The MeSH Counter is most powerful if the exercise is repeated every few months, comparing the results from different points in time for more insights and conclusions. However, when using the tool, it is important to bear in mind that some terms move in waves, with sharp spikes and declines over short periods. This is to be expected: researchers respond to pivotal papers, and ‘follow-on’ work often created publications clustered in time. Biases might also be introduced by events like major conferences or special journal issues focusing on specific fields.
This effect was evident when we compared our latest results to a MeSH analysis we conducted three months earlier. In that comparison, the top 200 terms were highly stable, with 89% overlap between the two five-year periods. By contrast, there was far more variability between the most recent 12-month periods (about 20% overlap), and between the momentum rankings. For example, while some terms were present in both analyses (e.g.) Artificial Intelligence, GLP1, Molecular Docking Simulation, High Throughput Screening Assays, and Ferroptosis, other terms were present in the first but were gone from the top 200 terms list just three months later (e.g. Alzheimer’s Disease, Tauopathies, Mood disorders, and Sleep Disorders).
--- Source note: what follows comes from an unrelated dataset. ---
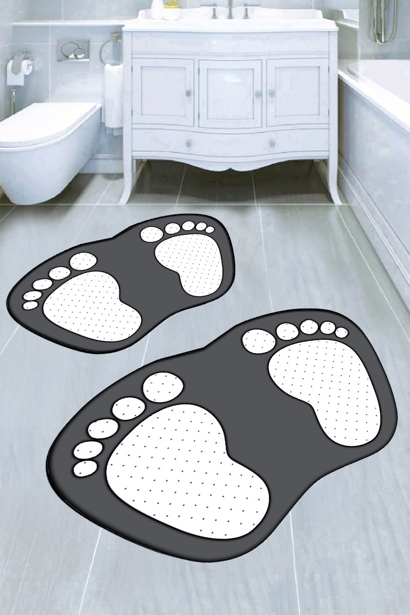 Dekoratif Dijital Baskılı Ayak İzi Desenli Banyo Paspas Takımı

The MeSH Counter has at least two important limitations.
Firstly, there is an indexing lag: MeSH terms are assigned after publication – usually a month or two — so the tool should not be used to interpret trends in the most recent months.
Secondly, publications are not endorsements for investment: an increase in the prevalence of a term or topic does not necessarily imply that there is an investment opportunity or long-term value in the field. Research activity can be driven by many factors, including funding cycles, methodological fads, disease outbreaks, or other transient forces.
As with most tools, the MeSH Counter is useless if not guided by human intelligence. However, when used appropriately, it can efficiently map how the biomedical research landscape is shifting. At V-Bio Ventures, we see it as a tool that strengthens our ongoing scouting efforts for transformative health innovations, by helping us ask better questions and spot patterns earlier.
For investors, the MeSH Counter can provide a complimentary addition to the insights we only glean from deep domain expertise, and the essential human relationships we build with peers, entrepreneurs, and researchers.